Here is the latest nomination in our series highlighting people David Cameron should consider appointing to the House of Lords, since any Conservative administration formed after the general election would be able to call upon the support of the lowest number of Conservative peers in history.
If you would like to nominate someone, please email Jonathan Isaby with your suggestion, including key arguments for the nomination as well as biographical information. The sources of nominations will be treated confidentially where requested.
No. 54: Roger Scruton
Jeremy Havard writes:
"Roger Scruton has long given a powerful voice to Conservative (also with a small ‘c’) philosophy and is probably the finest contemporary British philosopher. He is a superb thinker and is most articulate on many matters which the next government will need to address, some with urgency.

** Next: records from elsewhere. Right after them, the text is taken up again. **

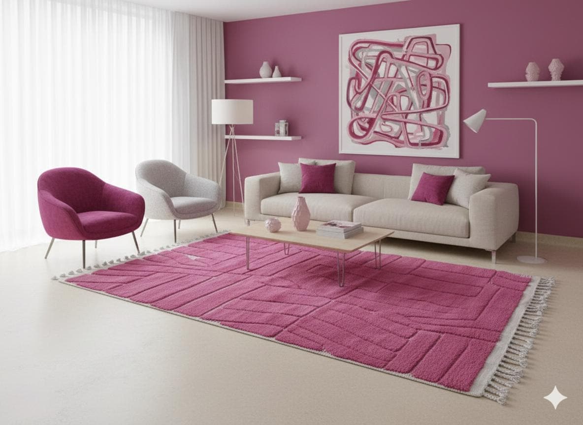 Elevate your space with our stunning Beni Ourain rug, a true statement piece for any home. This Moroccan rug features an abstract Pink design that seamlessly blends elegance with comfort. Our custom area rug is crafted with care, showcasing authentic Berber artistry. Ideal for modern and eclectic decor, this Pink area rug is perfect for transforming your living room or bedroom. Choose your custom design and make your home uniquely yours. Experience the beauty of Moroccan Pink rugs today!
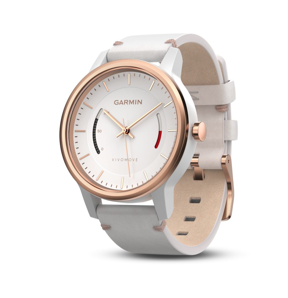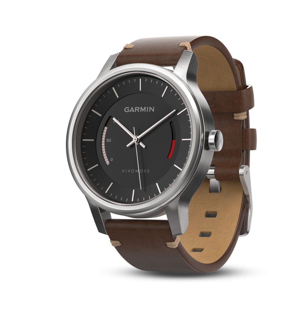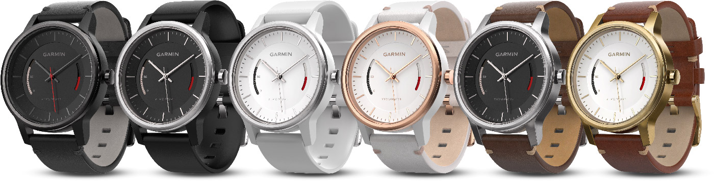 Die Garmin vivomove ist auf den ersten Blick eine herkömmliche analoge Armbanduhr, die zusätzliche allerdings noch zwei kleine digitale Anzeigen besitzt. Eine zeigt dem Träger wie weit er vom persönlichen Tagesziel entfernt ist, die andere mach auf zu lange Phasen ohne Bewegungen aufmerksam. Bewegungen erfasst die Uhr mit einem integriertem Sensor, der in der Nacht auch die Schlafphasen überwacht.
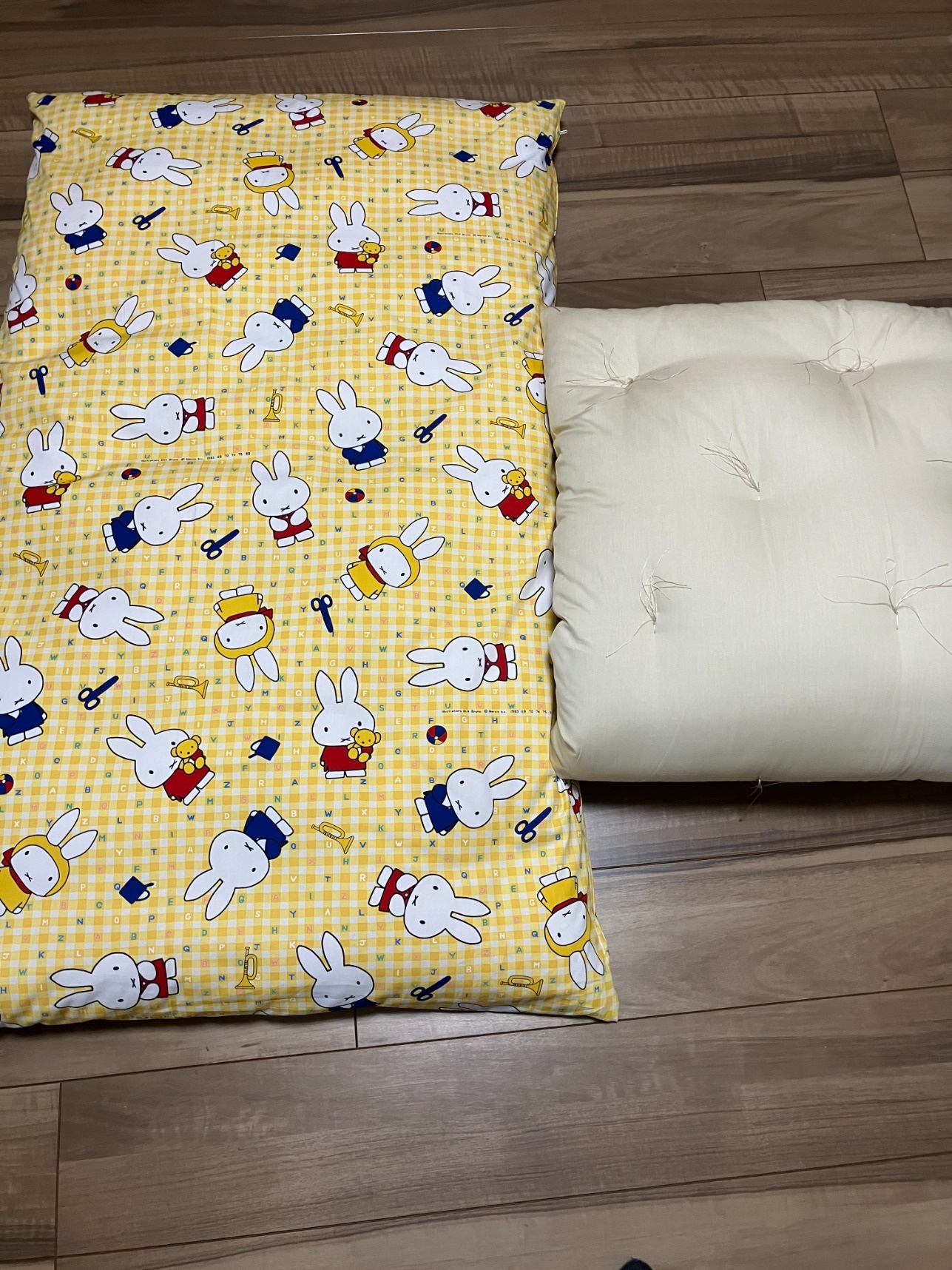 片方のお客様の布団は、かわいいミッフィーのカバー付き。

"Among these, he provides an authentic voice for the countryside (without being from the ‘landed’ classes) and the Arts (he has written two operas which have been performed in public); he has written widely on matters of immigration and integration in terms which add substance to the quality of a long-overdue debate; on radical Islamism (his book ‘The West and the Rest’ was written in the immediate aftermath of 9/11 and shows an incisive perception of the issue); on the need to defend the nation state and its culture; and he is most articulate on democratic Conservatism being the right system for the people, as opposed to socialism, arguing powerfully and persuasively against the transfer of power from local communities to the State – something about which David Cameron could use some advice.
"He has long been politically active, having helped dissidents in Czechoslovakia since 1979, as well as Hungary and Poland until the fall of Communism in 1989. He was a founding editor of the ‘Salisbury Review’ and is currently on its editorial board, along with those of ‘The British Journal of Aesthetics’ and opendemocracy.net. He is a trustee of the Educational Research Trust and is also a qualified Barrister.
"In conclusion, he has much to contribute and considerable intellectual firepower and oratory to bring to bear on the issues of today."